That strikes me as a whole lot more complication in something we'd
rather not introduce additional complications into without very good
reason.  Then again, there was just a nearby discussion about how it'd
be nice if the backend could realize when a WAL file is complete, and I
do think that'll be more of an issue when users start configuring larger
WAL files, so perhaps we should figure out a way to handle this..

> Anyway.  Do others agree that my issue was the result of wal_keep_segments=0 ?

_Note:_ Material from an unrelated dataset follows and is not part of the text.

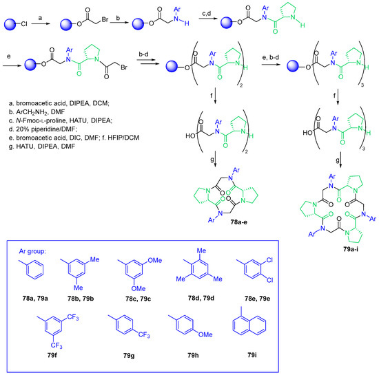 - Webster, A.M.; Cobb, S.L. Recent Advances in the Synthesis of Peptoid Macrocycles. Chem. Eur. J. 2018, 24, 7560–7573. [Google Scholar] [CrossRef]

Yeah, I've not spent much time actually looking at code around this, so
it'd be nice to get:

a) a reproducible case demonstrating it's happening
b) testing to see how long it's been this way
c) if setting wal_keep_segments=1 fixes it
d) perhaps some thought around if we could address this some other way

Thanks!

Stephen

Вложения

signature.asc

Re: Replication failure, slave requesting old segments

От

Adrian Klaver

Дата:

13 августа 2018 г., 06:14:32

On 08/12/2018 02:56 PM, Phil Endecott wrote:
> Stephen Frost wrote:

> 
> Specifically, section 26.2.5 of the docs says:
> 
> "If you use streaming replication without file-based continuous archiving,
> the server might recycle old WAL segments before the standby has received
> them. If this occurs, the standby will need to be reinitialized from a new
> base backup. You can avoid this by setting wal_keep_segments to a value
> large enough to ensure that WAL segments are not recycled too early, or by
> configuring a replication slot for the standby. If you set up a WAL archive
> that's accessible from the standby, these solutions are not required, since
> the standby can always use the archive to catch up provided it retains 
> enough
> segments."
> 
> OR, maybe the WAL reader that process the files that restore_command 
> fetches
> could be smart enough to realise that it can skip over the gap at the end?
> 
> Anyway.  Do others agree that my issue was the result of 
> wal_keep_segments=0 ?

Only as a sub-issue of the slave losing contact with the master. The 
basic problem is maintaining two separate operations, archiving and 
streaming, in sync. If either or some combination of both lose 
synchronization then it is anyone's guess on what is appropriate for 
wal_keep_segments.


> 
> 
> Regards, Phil.
> 
> 
> 
> 
> 
> 


-- 
Adrian Klaver
adrian.klaver@aklaver.com

Re: Replication failure, slave requesting old segments

От

Adrian Klaver

Дата:

13 августа 2018 г., 06:19:16

On 08/12/2018 03:54 PM, Stephen Frost wrote:
> Greetings,
> 
> * Phil Endecott (spam_from_pgsql_lists@chezphil.org) wrote:
>> OK.  I think this is perhaps a documentation bug, maybe a missing
>> warning when the master reads its configuration, and maybe (as you say)
>> a bad default value.
> 
> If we consider it to be an issue worthy of a change then we should
> probably just change the default value, and maybe not even allow it to
> be set lower than '1'.
> 

I would say leave the default at 0 as it leaves no doubt that you are 
performing without a net. A setting of '1' implies you are covered and 
for a fast moving cluster or slow moving one with sufficient downtime 
that would not be the case. Better to let the end user know this is not 
a simple problem and some thought needs to go into configuration.

-- 
Adrian Klaver
adrian.klaver@aklaver.com

Re: Replication failure, slave requesting old segments

От

Stephen Frost

Дата:

13 августа 2018 г., 18:04:37

Greetings,

* Adrian Klaver (adrian.klaver@aklaver.com) wrote:
> On 08/12/2018 03:54 PM, Stephen Frost wrote:
> >* Phil Endecott (spam_from_pgsql_lists@chezphil.org) wrote:
> >>OK.  I think this is perhaps a documentation bug, maybe a missing
> >>warning when the master reads its configuration, and maybe (as you say)
> >>a bad default value.
> >
> >If we consider it to be an issue worthy of a change then we should
> >probably just change the default value, and maybe not even allow it to
> >be set lower than '1'.
>
> I would say leave the default at 0 as it leaves no doubt that you are
> performing without a net. A setting of '1' implies you are covered and for a
> fast moving cluster or slow moving one with sufficient downtime that would
> not be the case. Better to let the end user know this is not a simple
> problem and some thought needs to go into configuration.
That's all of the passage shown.